彼らの論文では、バングラデシュの2つの主要橋梁に免震構造が採用されているという事実にも言及されている。4.8キロのジャムナ橋には耐震対策として耐震鋼製支柱が、6.1キロのパドマ橋には二重凹面摩擦振り子支承が採用されている。

解析の結果、両方の免震システムの性能は良好であることが示されました。特にパドマ橋では、非常に深い杭基礎、二層構造の重い上部構造、そしてパドマ川の深い洗掘により、橋梁への地震時の負荷は大きくなりました。

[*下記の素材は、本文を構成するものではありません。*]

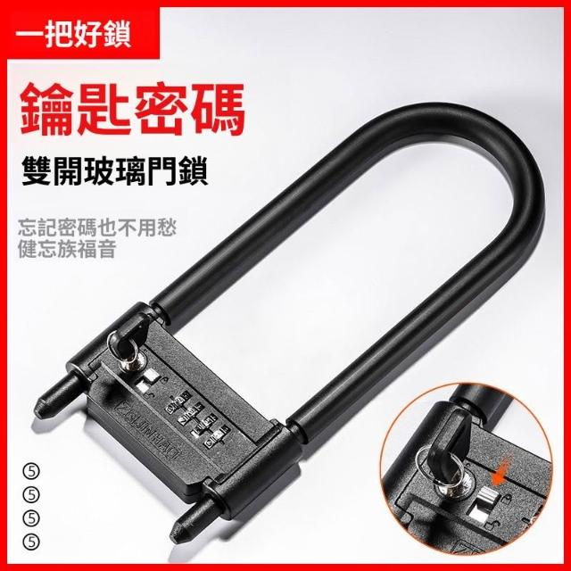 玻璃門鎖密碼U型鎖 密碼鎖U形鎖U加長雙開門 防剪防盜鎖店鋪插鎖

研究結果によれば、バングラデシュでは中層から高層ビルに基礎免震が十分に適用できる可能性があるという。

また、バングラデシュの建物に初めて免震構造を適用する計画が、ダッカの消防・民間防衛本部の新本部に予定されている。

バングラデシュは地震リスクを考慮して3つの地震帯に分けられています。そのうち、高リスク地域はゾーン1、中リスク地域はゾーン2、そして最もリスクの低い地域はゾーン3に分類されています。気象庁が発行する地図には、バングラデシュの地震多発地域が示されています。

特に、シレット管区とマイメンシン管区の 9 地区。ダッカ管区のタンガイル、ガジプール、ナルシンディの一部。キショレガンジ地区全体。クミラ部門のブラフマンバリア。そして丘陵地帯のカグラチャリ地区とランガマティ地区の広い地域が高リスクゾーンとして特定されています。

統計によると、1976年から2015年の間に、バングラデシュは少なくとも5回の大地震を経験しています。これらの地震のほぼ全ては、シレット、ムルビバザール、ランガマティ、バンダルバン、コックスバザールで発生しました。歴史的に、これらの地域では将来的にさらに強い地震が発生する可能性が予想されています。

しかし、ダッカ市中心部は独立以来、急速かつ無計画に開発が進められ、週末の地震の震源地にも近いことから、首都の住民を待ち受ける運命について新たな懸念が生じている。

土曜日にダッカの被災地3か所を視察したRAJUK会長のムハンマド・リアズル・イスラム技師は、今回の地震は私たちへの警告だと述べた。「真剣に受け止めなければ、大惨事が待ち受けています」と彼は警告した。

同氏は、当局が地震で被害を受けた建物のリストを作成中であると付け加えた。

危険な構造物は現場で検査されており、非常に危険であると判明したものは封鎖または閉鎖されている。

「危険な設備が撤去されているケースもあります。私たち全員が意識を高め、責任ある行動を取らなければ、近い将来、深刻な大惨事に直面することになるかもしれません。」

環境顧問のサイエダ・リズワナ・ハサン氏は、ダッカの古い建物の約90%が建築基準法に従わずに建設されており、特に最近の地震を考慮すると、首都は極めて脆弱な状態にあると警告した。

彼女は金曜日にミルプールで記者団に対し、今回の地震はバングラデシュにとって深刻な警鐘となるはずだと語った。

「これほど強い地震は経験したことがありません。繰り返し警報が発令されていますが、今こそ備えるべき時です」と彼女は述べた。